8-K 1 d936085d8k.htm FORM 8-K Form 8-K

 

 

UNITED STATES

SECURITIES AND EXCHANGE COMMISSION

Washington, D.C. 20549

 

 

FORM 8-K

 

 

CURRENT REPORT

Pursuant to Section 13 or 15(d)

of the Securities Exchange Act of 1934

Date of Report (Date of earliest event reported): June 1, 2015 (June 1, 2015)

 

 

Avago Technologies Limited

(Exact name of registrant as specified in its charter)

 

 

 

Singapore   001-34428   98-0682363

(State or other jurisdiction

of incorporation)

 

(Commission

File Number)

 

(IRS Employer

Identification No.)

 

1 Yishun Avenue 7  
Singapore 768923   N/A
(Address of principal executive offices)   (Zip Code)

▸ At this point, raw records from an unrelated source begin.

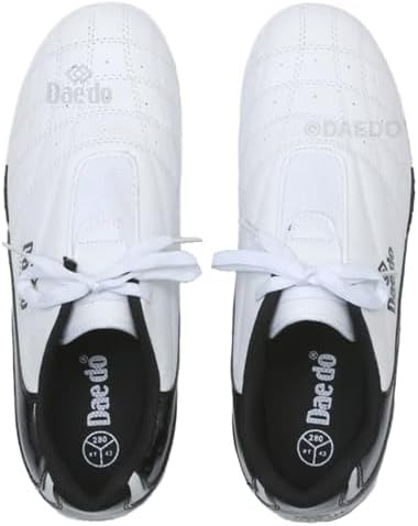 Train in comfort and style with these martial arts shoes featuring a durable synthetic leather upper and a non-slip rubber sole. Built for flexibility and lightweight performance, they allow natural movement for all martial arts techniques while maintaining excellent foot support. The lace-up closure provides a secure, personalized fit, and the sole is designed to offer optimal grip on dojo floors. Suitable for taekwondo, karate, kung fu, and other martial arts disciplines, these shoes are perfect for both training and demonstrations.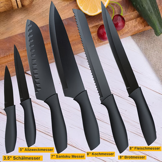 7-teiliges Küchenmesserset, professionelles Küchenkochmesserset, Kochmesserset mit scharfer geschmiedeter Klinge aus kohlenstoffreichem Edelstahl und ergonomischem Griff, schwarzes Titan-Messerset
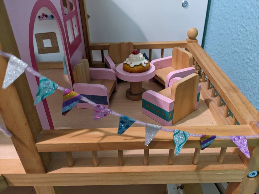 Nicht nur „echte" Möbel können ein Upcycling mit Klebeband vertragen. Auch in der Puppenstube schadet ein bisschen mehr Farbe nie. Mit ein paar Streifen buntem Klebeband werden kleine Stühle und Tische ganz leicht zum Lieblingsstück. Was nicht fehlen sollte: eine Wimpelkette! Klebt unterschiedliche Motive an einen Faden und schneidet daraus Minidreiecke.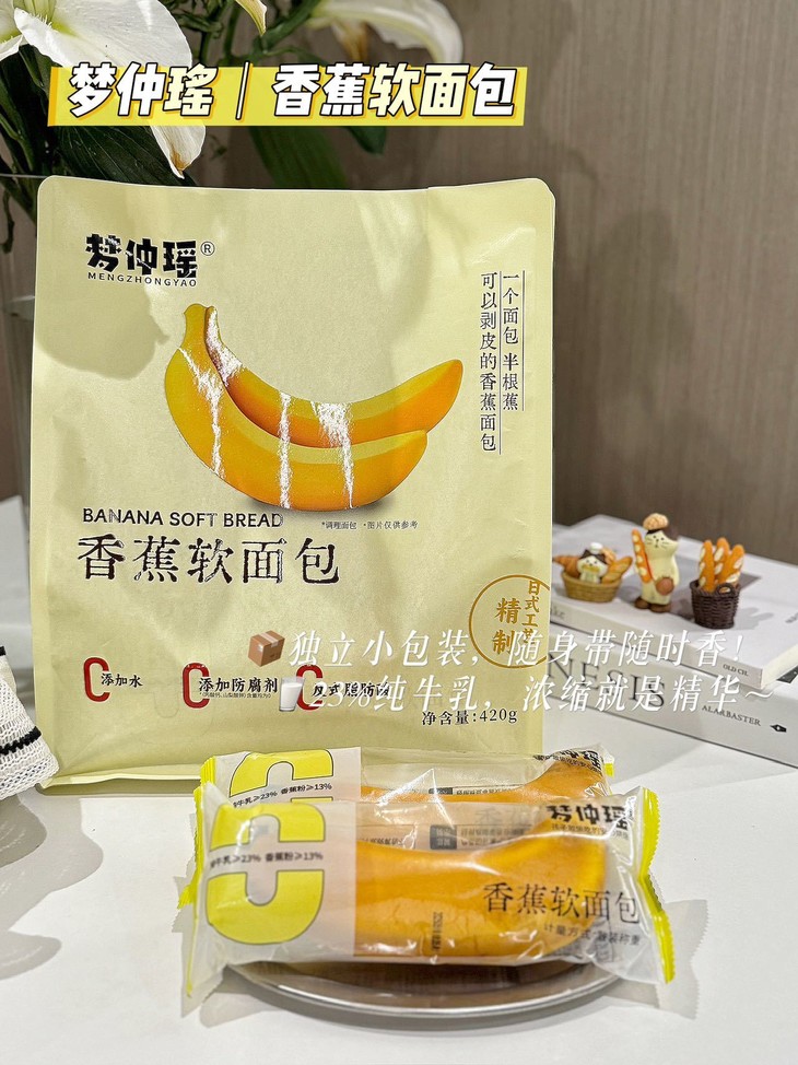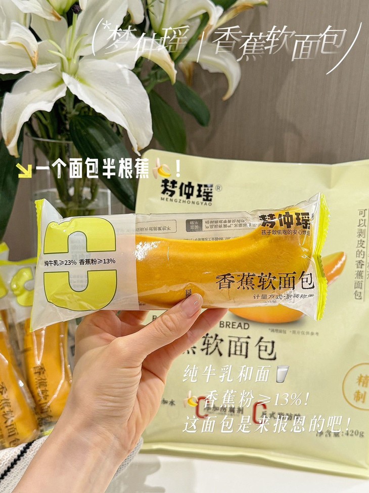 ✅一个面包,半根香蕉,可以剥皮的香蕉面包 ✅生产过程中不添加一滴水,纯牛乳和面,添加纯牛乳≥23% ✅选用新鲜香蕉打磨成粉,添加量≥13% ✅采用天然乳清发酵物,真正的零添加,不含任何工业防腐剂 ✅全新日式风格包装,更大气,更时尚,更符合大家的审美 0添加工业防腐剂,保质期还能保持90天的原因: 1️⃣日式进口千万级设备 引进的日式生产线,在领先于国内生产线工艺的情况下,可以添加至百分之40以上的牛乳含量,大大增加了产品的柔软性和风味; 2️⃣天然生物科 整体制作过程中,由工业化学防腐添加剂改为天然生物发酵物,通过调节产品的酸碱度、降低微生物细菌; 3️⃣出厂前三道灭菌工艺 出厂过程中最后一道工序由臭氧和紫光线灭菌、随后设备添加脱氧剂、抽除内包膜氧含量防止微生物滋生。 卷王卷的不仅仅是价格和品质‼️ 口味也是卷到极致‼️ 只要吃上一口梦仲瑶零添加系列的面包,别的面包就不会再想吃了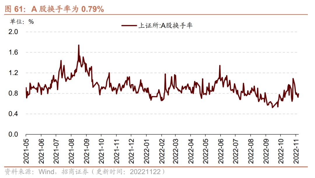 A股换手率下行、日成交额下行。截至11月22日,上证A股换手率为0.79%,较上周下行0.12个百分点;沪深两市日总成交额下行,两市日成交总额为8287.54亿元人民币,较上周下行15.88%。
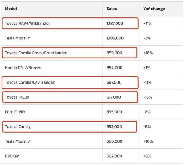 近期,據市場研究機構JATO Dynamics數據顯示,RAV4以118.7萬輛的銷量,成為全球單一車型銷冠,直接把23年的銷冠Model Y甩在了身后。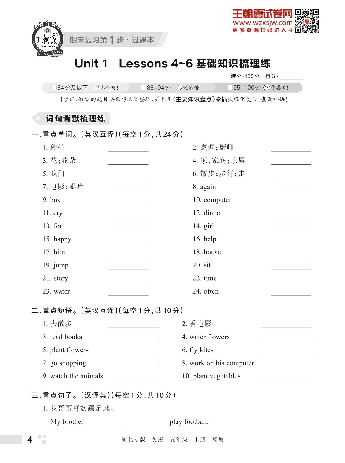 王朝霞期末过课本——Unit 1 Lessons 4~6 基础知识梳理练五年级上册英语(冀教版)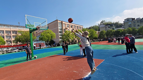 瞧,定點(diǎn)投籃:罰球線外定投6個(gè)球,投進(jìn)2個(gè)球(含2個(gè))以上有獎(jiǎng)。有的運(yùn)動(dòng)員一投一個(gè)準(zhǔn)地進(jìn)球超2個(gè),有的剛好進(jìn)2個(gè),還有的球“不乖”,只進(jìn)1個(gè)。旁邊人都眼隨著那拋出的籃球,巴不得手臂變“長”幫球“按”入網(wǎng)中。運(yùn)球、跳躍、上籃……考驗(yàn)著銀齡教師打籃球“功夫”了。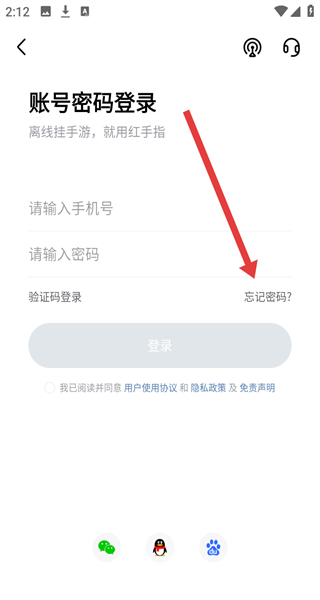 1、通過點擊密碼登錄按鈕,切換使用賬號密碼進行登錄操作。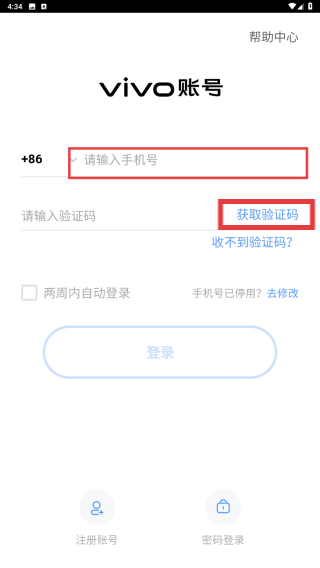 1.打开游戏,输入【手机号码】,点击【获取验证码】。

Registrant’s telephone number, including area code: (65) 6755-7888

N/A

(Former name or former address, if changed since last report)

 

 

Check the appropriate box below if the Form 8-K filing is intended to simultaneously satisfy the filing obligation of the registrant under any of the following provisions:

 

¨ Written communications pursuant to Rule 425 under the Securities Act (17 CFR 230.425)

 

¨ Soliciting material pursuant to Rule 14a-12 under the Exchange Act (17 CFR 240.14a-12)

 

¨ Pre-commencement communications pursuant to Rule 14d-2(b) under the Exchange Act (17 CFR 240.14d-2(b))

 

¨ Pre-commencement communications pursuant to Rule 13e-4(c) under the Exchange Act (17 CFR 240.13e-4(c))

 

 

 


Item 3.02 Unregistered Sales of Equity Securities

To the extent the events described under Item 8.01 may require disclosure under Item 3.02, the information provided under Item 8.01 is hereby incorporated herein by this reference.

 

Item 8.01 Other Events.

Avago Technologies Limited (the “Company”) previously issued $1,000,000,000 principal amount of its 2.0% Convertible Senior Notes due 2021 (the “Convertible Notes”), all of which are held by investment funds affiliated with Silver Lake Partners (the “Holders”). The Holders of all of the outstanding Convertible Notes have submitted to the Company conversion notices exercising their right to convert all of the Convertible Notes that they hold (the “Conversion”), and the Company has informed the holders that it intends to satisfy its conversion obligation by paying cash equal to the $1,000,000,000 principal amount of the Convertible Notes and delivering Ordinary Shares of the Company with respect to the conversion value in excess of that amount (the “Conversion Obligation”), in each case pursuant to the terms of the Indenture between the Company and U.S. Bank National Association as Trustee, dated May 6, 2014 (the “Indenture”). The number of Ordinary Shares which the Company is obligated to issue to the Holders pursuant to the Conversion Obligation will be based on (a) the per share volume-weighted average market prices of the Ordinary Shares during each of the 20 consecutive trading day period beginning on, and including, the second trading day immediately succeeding the conversion date (June 1, 2015), and (b) the applicable conversion ratio (presently 20.8685 Ordinary Shares per $1,000 principal amount of Convertible Notes) on each trading day. The conversion mechanics are described in additional detail in the related Indenture, which was filed as Exhibit 10.2 to the Company’s Current Report on Form 8-K filed on May 6, 2014.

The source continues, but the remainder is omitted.